Toyota uses non conductive liquid to cool the inverters from 1996.
And somewhere I read about someone doing the same with batteries too (sorry, forgot to bookmark it).
Maybe in the Chinese Tesla Model 3 prismatic LFP version ?
 
Yeah. It's the distinction that matters. Not the technicality that they're still lithium ion.

The difference in chemistry absolutely changes the debate at a fundamental level.
 
Lifepo4 is Lithium ion
and yet, if you treat it the same as other Li chemistries, you will likely have bad results. So your campaign to convince everyone that soylent green is people ... er ... LiFePO4 is Li-ion is kinda of irrelevant to the discussion at hand.
 
and yet, if you treat it the same as other Li chemistries, you will likely have bad results. So your campaign to convince everyone that soylent green is people ... er ... LiFePO4 is Li-ion is kinda of irrelevant to the discussion at hand.
his statement was not wrong (in this case). lifepo4 is lithium ion while not all lithium ion is lifepo4. lithium titanate is also lithium ion among several others.

He needs to be taught the distinction between the different types of li-ion and why lifepo4 is different. Telling him he's wrong when he isn't is self-serving and has no place in the discussion.
 
his statement was not wrong (in this case). lifepo4 is lithium ion while not all lithium ion is lifepo4. lithium titanate is also lithium ion among several others.

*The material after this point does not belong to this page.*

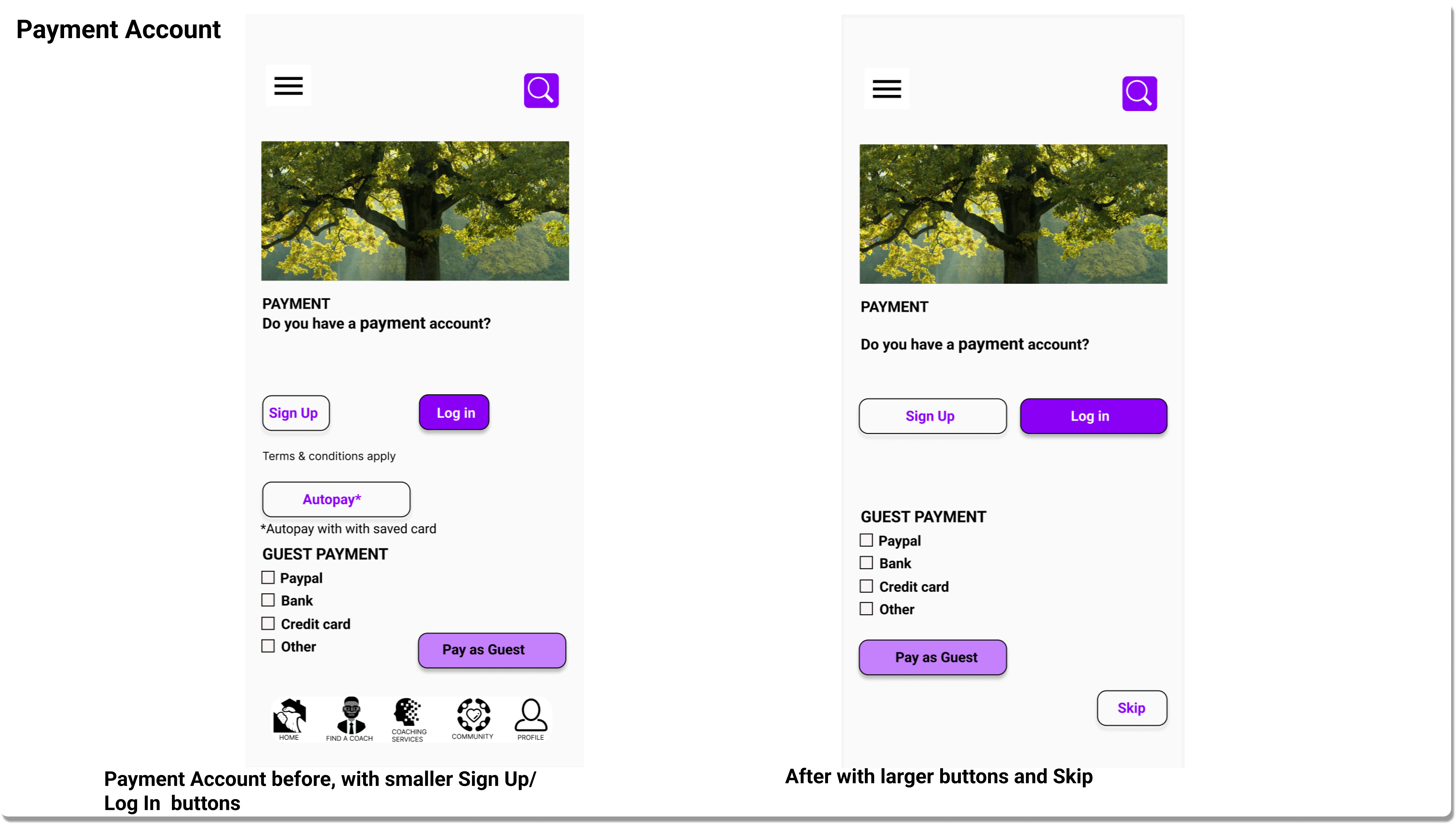 You can find all the information about that feedback in the peer-testing document and slides below of 2 of the main changes concerning the Payment Account page and the Home Page.

He needs to be taught the distinction between the different types of li-ion and why lifepo4 is different. Telling him he's wrong when he isn't is self-serving and has no place in the discussion.
Didn't say he is wrong. Just pointed out that continuing to assert the statement in the face of explanations as to why it's not a useful aggregation of various Li chemistries does not advance the discussion. If you use the Li-ion setting on chargers that don't "know about" LiFePO4 with that type of battery, you may get bad outcomes.